You know, for the longest time, I didn’t really get urban landscapes. Seemed like everyone was just taking photos of the same tall buildings or super busy streets. Or they’d try to make everything look super dramatic and, honestly, a bit fake. I guess I just found cities… well, a bit much. Just a lot of noise and concrete, and I couldn’t really find my way into photographing them in a way that felt real to me.

So, I kind of avoided it. If I had my camera, I was looking for trees, mountains, you know, the quiet stuff. But then, life has a funny way of pushing you, right? I got this gig, a small local project, that kinda forced me to look at my own city differently. Wasn’t even a photo gig, more like gathering impressions for a community thing. And I thought, “Oh boy, this is gonna be a drag.”
But I had to do it. So, I just started walking. No big plan. Left my fancy camera at home most days, just used my phone, or sometimes just my eyes. My main goal became trying to actually see the place, not just glance at it. It sounds simple, I know, but it was a shift for me.
My “practice,” if you can call it that, was pretty straightforward.
- First, I’d just wander. Seriously, pick a direction and go. Getting a little lost was often the best part. That’s when you stumble on things you’d never find otherwise.
- Then, I started to pay attention to the small stuff. Like, the texture of an old brick wall, the way light came through a grubby window, weird reflections in puddles. Stuff I’d normally walk right past.

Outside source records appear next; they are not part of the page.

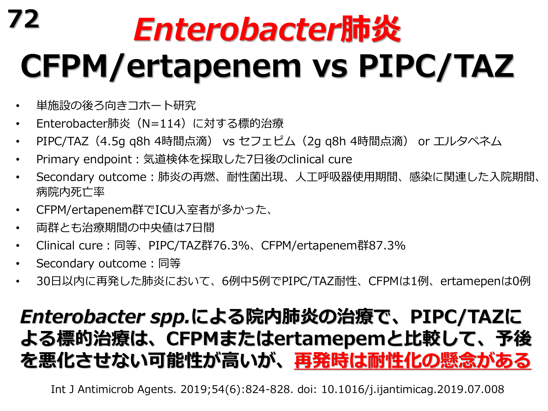 #92. 72 Enterobacter肺炎 CFPM/ertapenem vs PIPC/TAZ • 単施設の後ろ向きコホート研究 • Enterobacter肺炎(N=114)に対する標的治療 • PIPC/TAZ(4.5g q8h 4時間点滴) vs セフェピム(2g q8h 4時間点滴) or エルタペネム • Primary endpoint:気道検体を採取した7日後のclinical cure • Secondary outcome:肺炎の再燃、耐性菌出現、人工呼吸器使用期間、感染に関連した入院期間、 病院内死亡率 • CFPM/ertapenem群でICU入室者が多かった、 • 両群とも治療期間の中央値は7日間 • Clinical cure:同等、PIPC/TAZ群76.3%、CFPM/ertapenem群87.3% • Secondary outcome:同等 • 30日以内に再発した肺炎において、6例中5例でPIPC/TAZ耐性、CFPMは1例、ertamepenは0例 Enterobacter spp.による院内肺炎の治療で、PIPC/TAZに よる標的治療は、CFPMまたはertamepemと比較して、予後 を悪化させない可能性が高いが、再発時は耐性化の懸念がある Int J Antimicrob Agents. 2019;54(6):824-828. doi: 10.1016/j.ijantimicag.2019.07.008
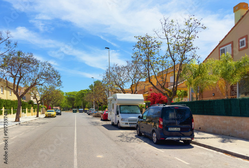 Obraz premium Campervan on parking on street near House in Spain. Family camper van vehicle at Villa. Motorhome lifestyle travel to sea. Travel on Campervan along Spain coast. Car on Parking on street in suburb.
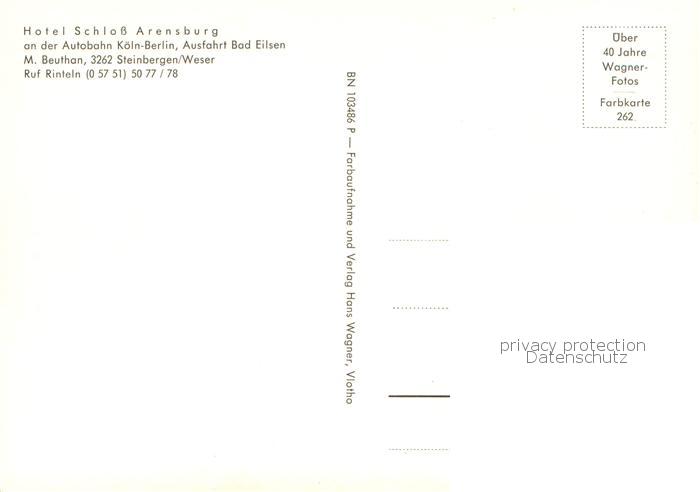 73767169 Steinbergen Hotel Schloss Arensburg postalisch nicht gelaufen Erhaltung siehe scans [FriedD77] KatCode: 11110003257031
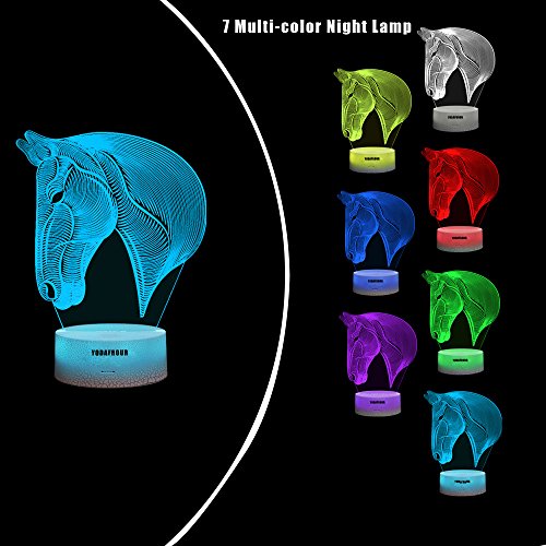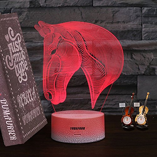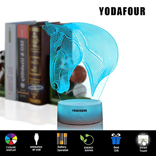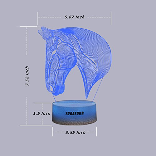Studio : YODAFOUR Publisher : YODAFOUR Binding : Kitchen Product Description Specific Base color: White Assembly size: 7.52inch(H) X 5.67inch(W) X 3.35inch(Dia.) Light board thickness: 0.157 inch Package include 1X Horse head image 1X White Crackle lamp base 1X USB cable 1X user mannual Features 1. The light board of this 3D animal night light made in Acrylic, which is strong, not fragile as glass, will not hurt the child, but please also take note don't drop it from high position even it is toughness, the features of the acrylic can make the light pass through the acrylic easily, make the light looks more pure, amazing, magical 2. Laser engraving technology, make the image never fade. 3. This optical illusion lamp make trick on your eyes, it is a flat acrylic plate in actual, but it will generate 3D optical visual illusion when lit up at night,when you see it from afar, you will see the 3D effect, but as you get little close, you only see a thin acrylic plate with an image on it, sometimes this also according to the users, different people have different feeling, even somebody think it is only 2D, but what dose it matter, it can bring you convenience at night and you like it, it is enough 4. This 3d night lamp with vividly animal image, can be good choice for animal lover collection 5. Can use you home adapter to match with, also can plug it into a USB socket with the USB cable directly,also can use 3-AA batteries to power. 6. If you have any problem during using, please contact us directly, we will service for you and solve your problem as soon as we can. NOTE 1. Please tear off the protection film on the surface of the acrylic before using, when you saw there is scratches, please check if you had teared the protection films, because the scratches always on the protection films only, not actually on the plate itself. 2. The parcel only coming with USB cable, wide used, no adapter 0 |
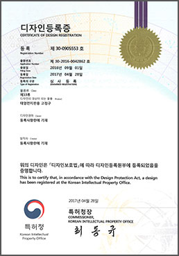 | 18 | 디자인등록증 | 2016-09-01 | 제 30-0909684 호 | 태양광 발전설비용 부력체 |

- I’d also watch people. Not in a creepy way! Just how they moved through the city, how they used the spaces. The old folks on benches, the couriers rushing, kids playing in a tiny patch of green.
I began to take notes, believe it or not. Sometimes just a few words on my phone, or a quick voice recording. “Cracked pavement, weeds growing through, looks kinda beautiful.” Or “Sound of distant traffic mixed with kids laughing.” That became my ‘record,’ my way of capturing the feel of a place beyond just a quick snapshot.
The photos I took were often secondary, especially at the start. They were more like visual notes. I wasn’t trying to get the perfect shot. I was trying to get the feeling. I remember this one afternoon, I was down by some old industrial area. It wasn’t pretty in the classic sense. Lots of rust, broken windows. But the way the late afternoon sun hit this one peeling blue door… man, it was something else. I must have spent a good half hour there, just looking, taking a few simple shots. Nobody else was around.

And that’s sort of how I got into urban landscapes. It wasn’t about finding the grand, sweeping views. It became about finding these little stories, these quiet moments hidden in the middle of all the chaos. It’s about the grit, the life, the unexpected bits of beauty you find when you slow down and actually look. I stopped worrying about making it look like a postcard and just started to document what felt interesting to me. It’s still a work in progress, always is, but it’s a lot more rewarding now than just trying to get another shot of a skyscraper.